== Data to process ==

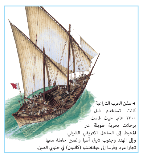 أما في المحيط الهندي، فإن تطوير خطوط التجارة البحرية التي تمتد من الساحل الشرقي الأفريقي إلى الجزيرة العربية وإلى الساحل الغربي للهند لابد وأنه قد تم منذ زمن بعيد، نظرا لأن كلا من المالديف وسيريلانكا قد قامتا بارسال مبعوثين إلى روما قبل مايزيد عن ٢٠٠٠ عام. ولدى دخول الأوروبيين إلى جنوب شرق آسيا، كان العرب قد أسسوا شبكات تجارية واسعة النطاق بناء على المستعمرات والبؤر الاستيطانية والتي امتدت من الساحل الشرقي لأفريقيا وصولا إلى طرف غينيا الجديدة.
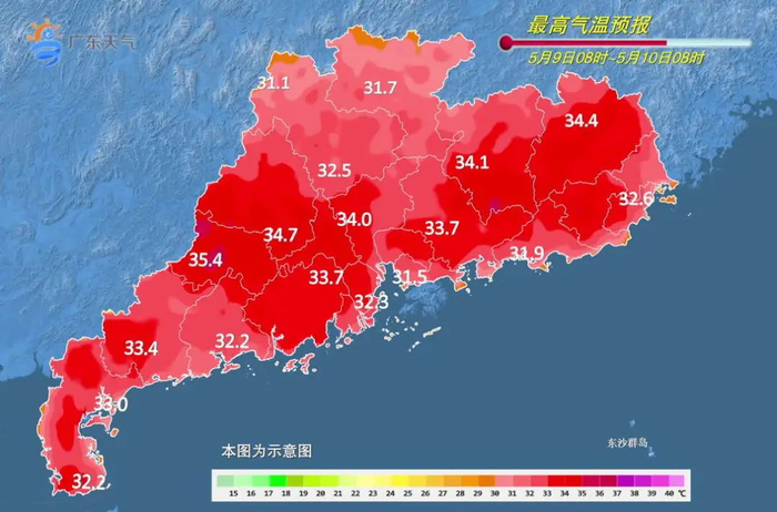 9日,粤北、粤西有(雷)阵雨局部暴雨,其余市县多云局部有阵雨。最高气温:粤北的北部市县、沿海市县29℃~32℃,其余市县33℃~35℃。
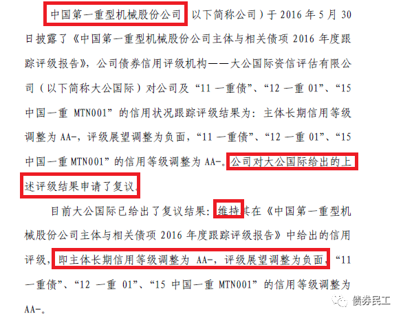 從實踐來看,信用債券市場上發(fā)行人對于評級機構的評級結果公開提出異議的情況并不多。債券民工印象中比較深的發(fā)行人對信用評級就結果公開提出異議并進行復議的是中國第一重型機械股份公司在2016年對評級結果提出了異議并進行復議,但是復議結果還是維持了主體長期信用等級為AA-,評級展望調整為負面的結果。
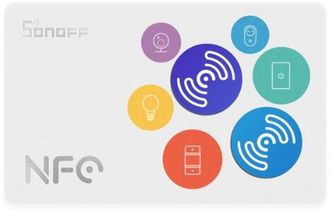 Két darab, öntapadós hátsó oldallal ellátott NFC címke található a Sonoff plasztikkártyáján, mely egy NFC-képes telefon segítségével beállítható eWeLink automatizációk (jelenetek) futtatására. Konfigurálás után az NFC-s telefon érintésével lefut az automatizáció, így az NFC-s technológia segítségével a telefon elővétele és az eWeLink app futtatása nélkül i
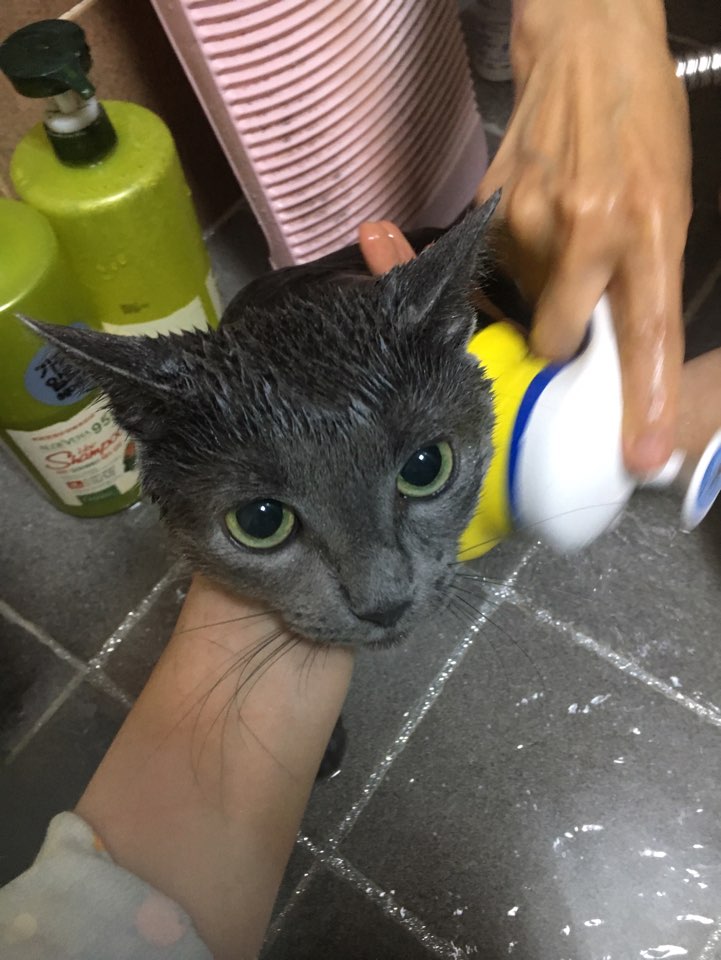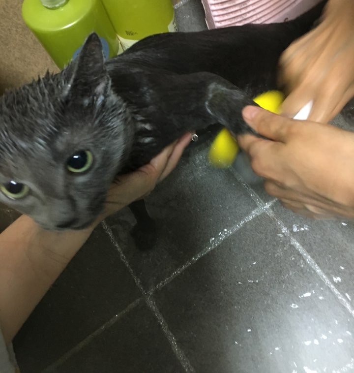 재빠르게 샴푸를 구석구석 바른 후 페스룸샤워기로 빗으면서 샴푸거품을 제거해보았는데....!! 도망치느라 바빴던 냥님이 가만히 계시더라고요! (광고아님) 하지만 아직까지는 적응단계이기때문에 ... 완전히 놓으면 도망가시고 잡은채로 빗어주어야 순하게 계셨습니다.
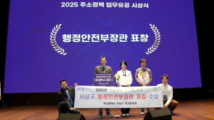 [파이낸셜경제=박영진 기자] 부산 사상구는 지난 18일 행정안전부 주관 ‘2025년 주소정책 성과공유 워크숍’에서 주소정보 업무평가 우수기관으로 선정돼 행정안전부 장관 표창을 수상하고, 특별교부세 4천만 원을 확보했다고 밝혔다.
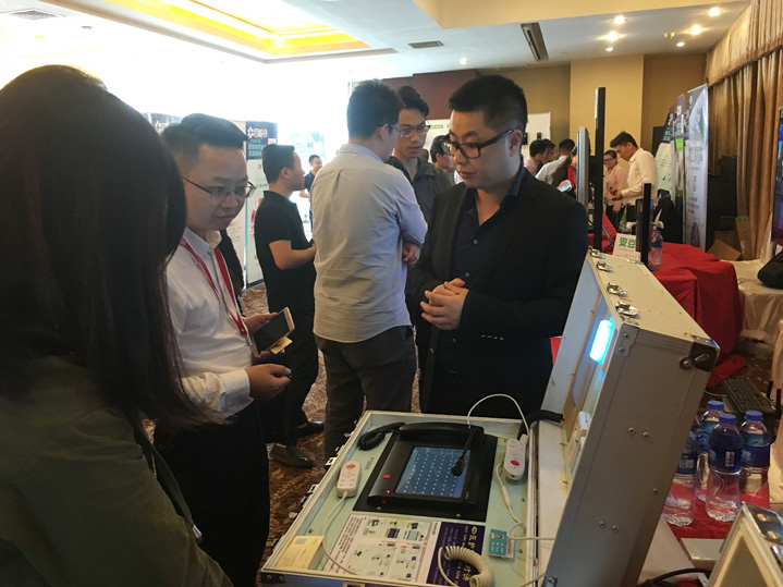 作為中國安防行業(yè)領(lǐng)先的安防專用對講產(chǎn)品及整體解決方案提供商,來邦科技在產(chǎn)品展示區(qū)域,集中展示了應(yīng)用于安防行業(yè)最新的醫(yī)院、銀行、監(jiān)獄專用對講新產(chǎn)品,吸引了南昌站點的現(xiàn)場觀眾的廣泛關(guān)注。會上,來邦科技常務(wù)副總經(jīng)理王慶現(xiàn)場分享了安防行業(yè)內(nèi)來邦醫(yī)院、銀行、監(jiān)獄專用對講領(lǐng)域新產(chǎn)品的領(lǐng)先技術(shù)和智慧整體解決方案的應(yīng)用。其中,醫(yī)院領(lǐng)域應(yīng)用到的新產(chǎn)品“一鍵式報警監(jiān)控對講系統(tǒng)”以及涵蓋醫(yī)院住院部、門診部、公共區(qū)域的智能醫(yī)護整體解決方案;銀行領(lǐng)域應(yīng)用到的新產(chǎn)品“窗口監(jiān)控對講系統(tǒng)”以及涵蓋銀行營業(yè)廳、自助區(qū)及加鈔區(qū)的整體解決方案;監(jiān)獄領(lǐng)域應(yīng)用到的新產(chǎn)品“智能監(jiān)倉對講系統(tǒng)”以及監(jiān)獄專業(yè)特有的創(chuàng)新智能化特色產(chǎn)品功能應(yīng)用和整體解決方案,備受南昌站點的現(xiàn)場觀眾高度好評與青睞。
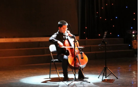 随之,董培瑛老师和贺鑫、李峻琛同学共同完成苏联著名作曲家肖斯塔科维奇的《前奏曲》。董老师将其改编成了双大提琴和钢琴协奏曲。尽管原曲节奏简单,速度平缓,但是音和音之间的跨度很大,这为演奏增加了不小的难度,也同时考验了三位合作者的默契和音准程度。
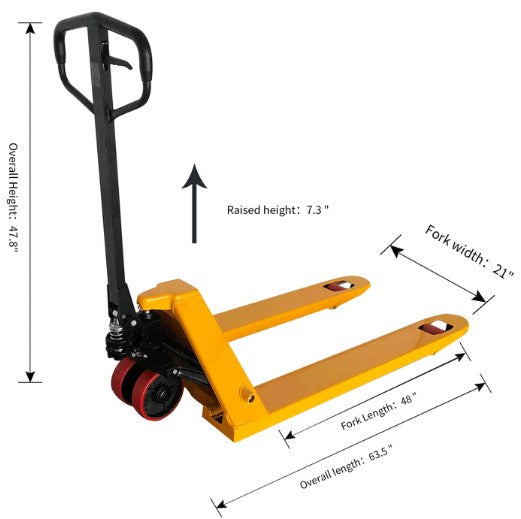 Apollolift A-1006 Manual Hydraulic Pallet Jack 5500 lbs. Capacity 48" x 21" New

===

## Task goal
Both the first line of the records above and the line containing "[파이낸셜경제=박영진 기자] 부산" belong in the copy; please return them and every line between, exactly, minus the pictures.

## Solution for this exercise
 أما في المحيط الهندي، فإن تطوير خطوط التجارة البحرية التي تمتد من الساحل الشرقي الأفريقي إلى الجزيرة العربية وإلى الساحل الغربي للهند لابد وأنه قد تم منذ زمن بعيد، نظرا لأن كلا من المالديف وسيريلانكا قد قامتا بارسال مبعوثين إلى روما قبل مايزيد عن ٢٠٠٠ عام. ولدى دخول الأوروبيين إلى جنوب شرق آسيا، كان العرب قد أسسوا شبكات تجارية واسعة النطاق بناء على المستعمرات والبؤر الاستيطانية والتي امتدت من الساحل الشرقي لأفريقيا وصولا إلى طرف غينيا الجديدة.
 9日,粤北、粤西有(雷)阵雨局部暴雨,其余市县多云局部有阵雨。最高气温:粤北的北部市县、沿海市县29℃~32℃,其余市县33℃~35℃。
 從實踐來看,信用債券市場上發(fā)行人對于評級機構的評級結果公開提出異議的情況并不多。債券民工印象中比較深的發(fā)行人對信用評級就結果公開提出異議并進行復議的是中國第一重型機械股份公司在2016年對評級結果提出了異議并進行復議,但是復議結果還是維持了主體長期信用等級為AA-,評級展望調整為負面的結果。
 Két darab, öntapadós hátsó oldallal ellátott NFC címke található a Sonoff plasztikkártyáján, mely egy NFC-képes telefon segítségével beállítható eWeLink automatizációk (jelenetek) futtatására. Konfigurálás után az NFC-s telefon érintésével lefut az automatizáció, így az NFC-s technológia segítségével a telefon elővétele és az eWeLink app futtatása nélkül i
 재빠르게 샴푸를 구석구석 바른 후 페스룸샤워기로 빗으면서 샴푸거품을 제거해보았는데....!! 도망치느라 바빴던 냥님이 가만히 계시더라고요! (광고아님) 하지만 아직까지는 적응단계이기때문에 ... 완전히 놓으면 도망가시고 잡은채로 빗어주어야 순하게 계셨습니다.
 [파이낸셜경제=박영진 기자] 부산 사상구는 지난 18일 행정안전부 주관 ‘2025년 주소정책 성과공유 워크숍’에서 주소정보 업무평가 우수기관으로 선정돼 행정안전부 장관 표창을 수상하고, 특별교부세 4천만 원을 확보했다고 밝혔다.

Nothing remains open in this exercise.